Le degré de vieillissement naturel de la cellulose qui constitue le lin de l’échantillon étudié, obtenu par analyse aux rayons X, a montré que le tissu du Saint Suaire est beaucoup plus ancien que les 7 siècles proposés par la datation au radiocarbone de 1988. Les résultats expérimentaux obtenus par l’analyse WAXS sont compatibles avec l’hypothèse que le Saint Suaire peut effectivement être une relique ayant 2000 ans d’histoire. Nous sommes donc confrontés à deux datations - radiocarbone et WAXS - très différentes dans leurs résultats.

 

La technique de datation du lin à l’aide de rayons X n’est pas destructive. Elle peut donc être répétée plusieurs fois sur le même échantillon. Compte tenu de la datation médiévale obtenue à partir du carbone 14 et de celle obtenue par l’analyse WAXS compatible avec 2000 ans d’histoire, il serait souhaitable d’organiser une campagne de mesures aux rayons X effectuées par plusieurs laboratoires, sur plusieurs échantillons, au maximum de dimensions millimétriques, prélevés du Saint Suaire. Étant donné que la technique WAXS nécessite de très petits échantillons de tissus, de dimensions linéaires même inférieures à 1 mm, et ne craint pas la contamination par des matières organiques d’époques ultérieures, l’éventuel prélèvement d’échantillons sur le linceul du Saint Suaire ne serait nullement invasif et pourrait être effectué sur les bords. En 2002, des fils ont déjà été prélevés du Saint Suaire, conservés par l’Archidiocèse de Turin précisément pour des études scientifiques futures. Cette nouvelle campagne de mesures de datation, à travers le WAXS, pourrait permettre de confirmer que le drap, que la tradition chrétienne associe à la crucifixion, à la mort et à la résurrection de Jésus-Christ, a vraiment 2000 ans d’histoire, définissant une pièce très importante, celle temporelle, du puzzle complexe que le Saint Suaire de Turin représente encore aujourd’hui pour la science.

 

L’étude, disponible en ligne [5], a été effectuée dans les laboratoires IC-CNR du siège de Bari, en collaboration avec le prof. G. Fanti de l’Université de Padoue.

 

Liberato De Caro

 

Institut de cristallographie (IC-CNR), via Amendola 122/O, Bari

 

liberato.decaro@ic.cnr.it

 

DeCaro Heritage.pdf

 

[1]  P. E. Damon et al., Radiocarbon dating of the Shroud of Turin, Nature 337, (1989), pp. 611-615.

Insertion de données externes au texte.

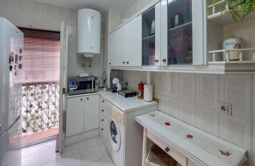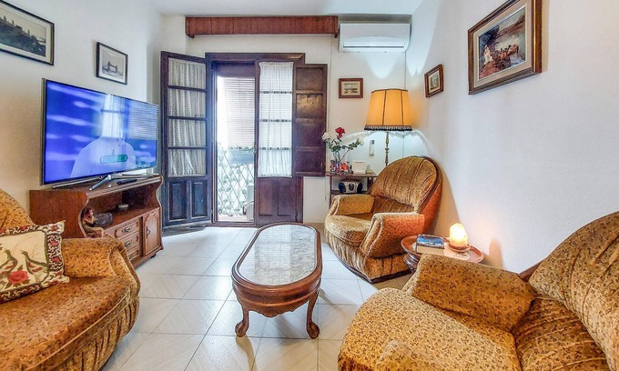 Experience authentic Andalusian city life in an apartment that impresses with its nostalgic style. Step into a classic living room with cosy upholstered furniture and antique furnishings. Take a seat at the dining table for communal meals or relaxed evening gatherings. The traditional wooden elements and chandeliers lend the various rooms a special flair. Cook in the separate kitchen with plenty of storage space, ideal for a longer stay.
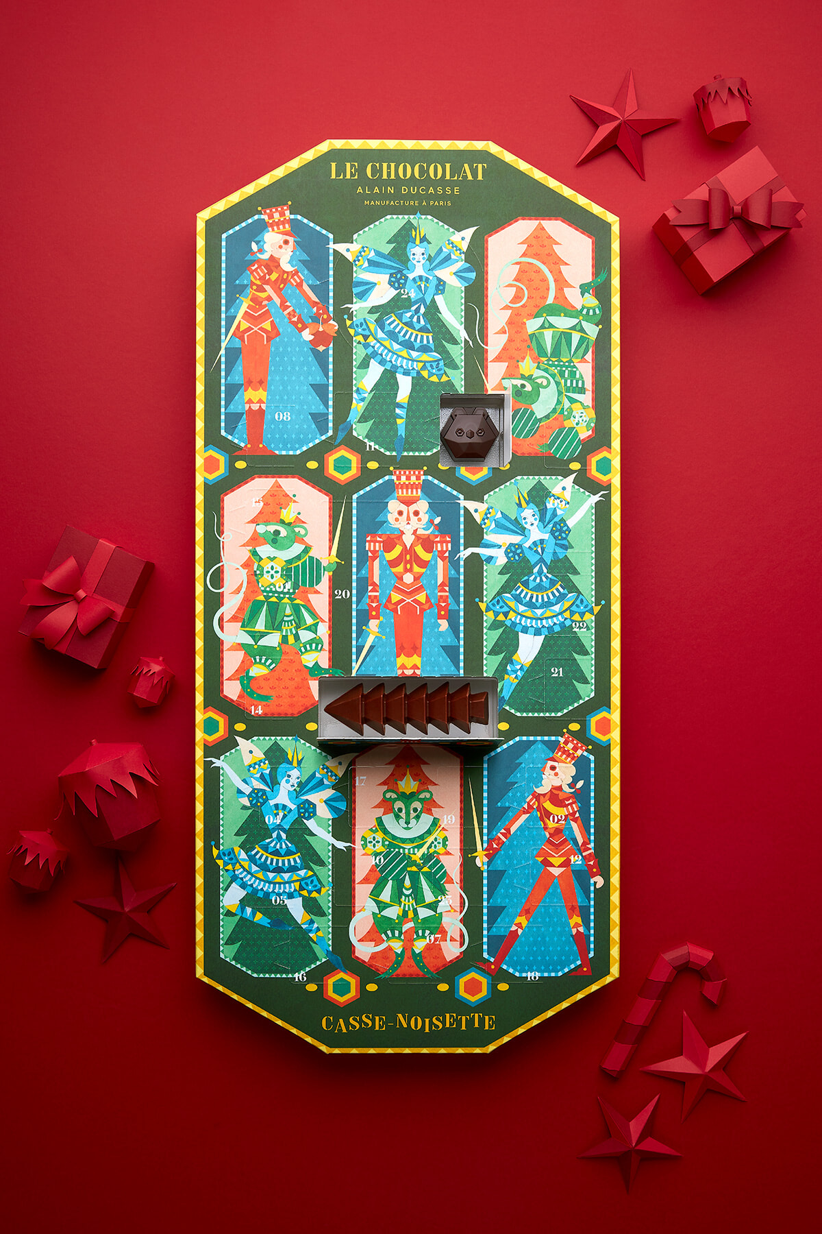 食べ終わった後も保存しておきたくなるのは、12月1日から24日まで毎日が『くるみ割り人形』の世界となるアドベントカレンダーだ。主人公クララの夢の中で王子様に変身するくるみ割り人形、バレエ学校の生徒たちが着ぐるみで扮している小ネズミたちを率いる黒い巨大なネズミの王様、クリスタルのように澄んだ響きのチェレスタが奏でる曲に乗せてポワントで踊るドラジェの精(金平糖の精)。ルー・ベネッシュによるイラストでバレエに登場するキャラクターたちが描かれた小さな窓を開いて、毎日おいしい驚きを発見する喜び! ヘーゼルナッツのプラリネのブラックチョコレートやミルクチョコレート……このカレンダーのためにクリエイトされた味も潜んでいる。クリスマスイヴの12月24日は特別な日。いちばん上の窓を開くと、さあ、どんなスイートドリームが飛び出すか。
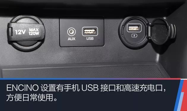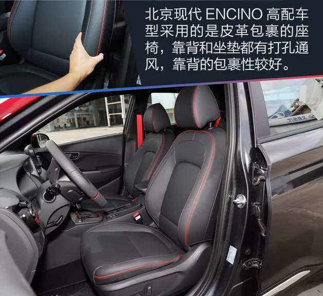 和海外版車型不同的是,ENCINO高配車型采用皮革包裹而非皮革+織布的材質,座椅靠背包裹性做得比同級別小型SUV要好一些。例如,紅色縫線,紅色安全帶,仿碳纖維紋路的座椅皮革裝飾等都在給車內營造運動的氛圍。
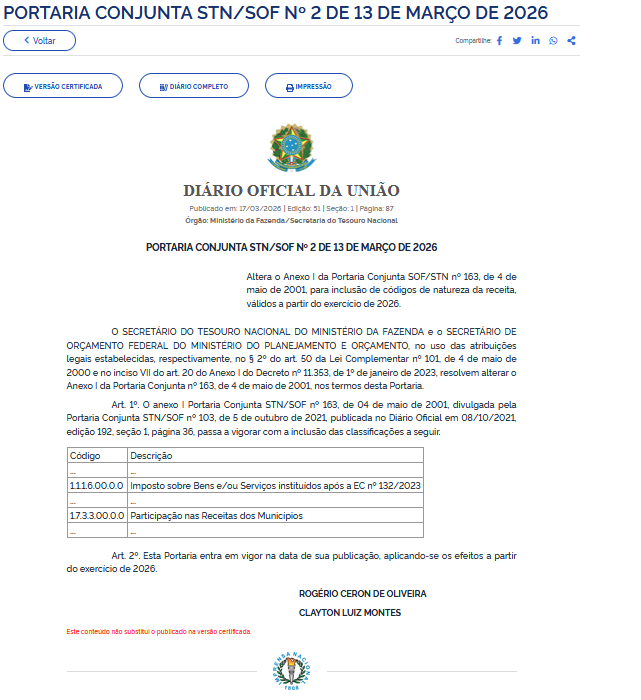 Foi publicada a Portaria Conjunta STN/SOF 2 no Diário Oficial da União (DOU) desta terça-feira, 17 de março, promovendo alterações na estrutura de classificação das receitas públicas, com efeitos já a partir do exercício de 2026.
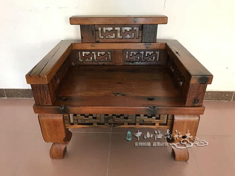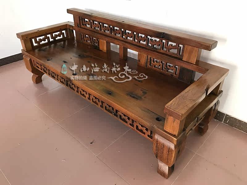 Old boat wood sofa chair combined solid wood ten thousand words sofa Living room full dress New Chinese meditation Classical Shipwreck Wood Furniture
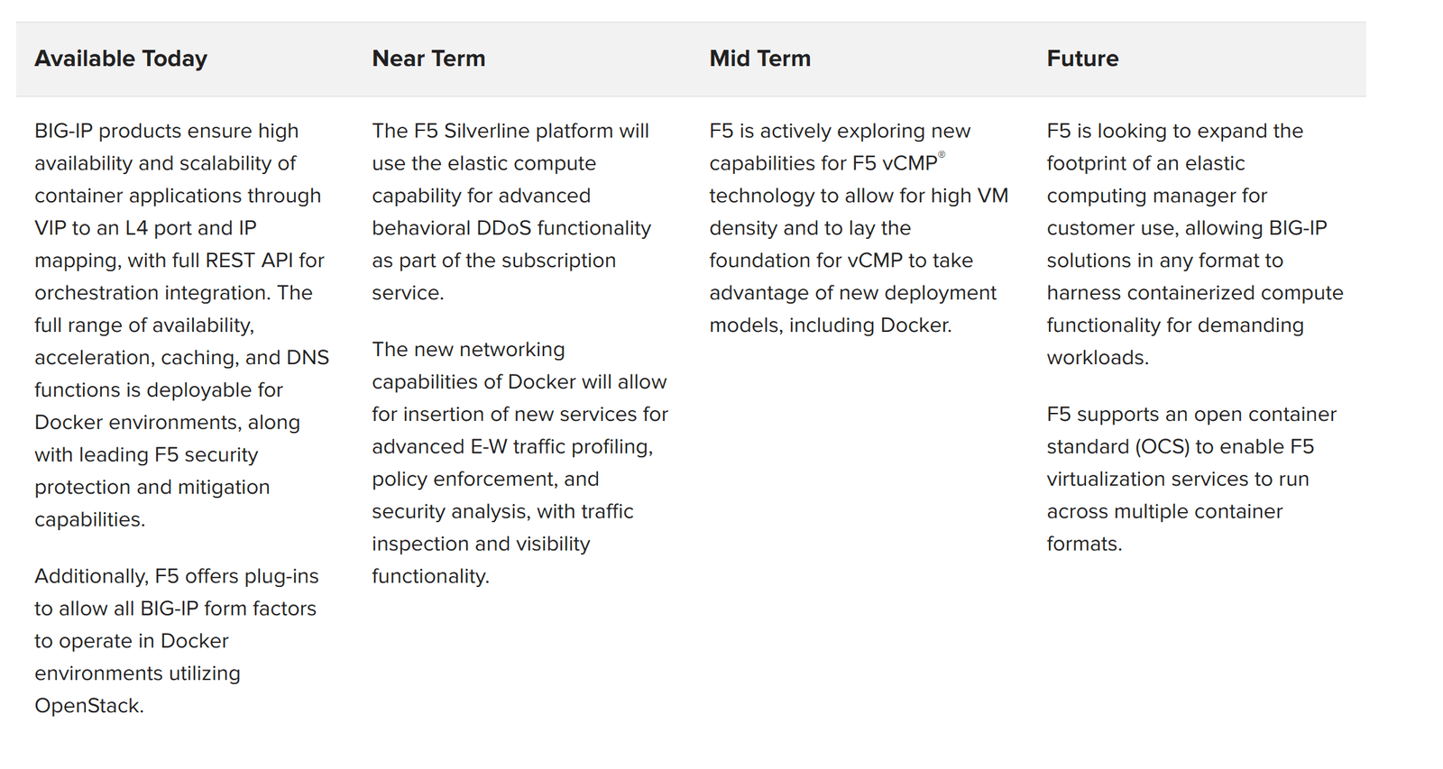 F5 plans to extend these services into the containerized infrastructure itself to address service discovery, E-W traffic management, and security. F5 also plans to leverage containerization within its product suite, taking advantage of the technology on physical platforms, offering software services in containers, and using the containerized architecture within the F5 Silverline® cloud-base services platform.

[2] B. Walsh, L. Schwalbe, An instructive inter-laboratory comparison : The 1988 radiocarbon dating of the Shroud of Turin, J. Archaeological Science : Reports 29 (2020), 102015ss.

[3] L. De Caro, C. Giannini, R. Lassandro, F. Scattarella, T. Sibillano, E. Matricciani, G. Fanti, X-Ray Dating of Ancient Linen Fabrics, Heritage 2 (2019), p. 2763-2783.

[4] L. De Caro, T. Sibillano, R. Lassandro, C. Giannini, G. Fanti, X-ray Dating of a Turin Shroud’s Linen Sample, Heritage 5 (2022), p. 860-870.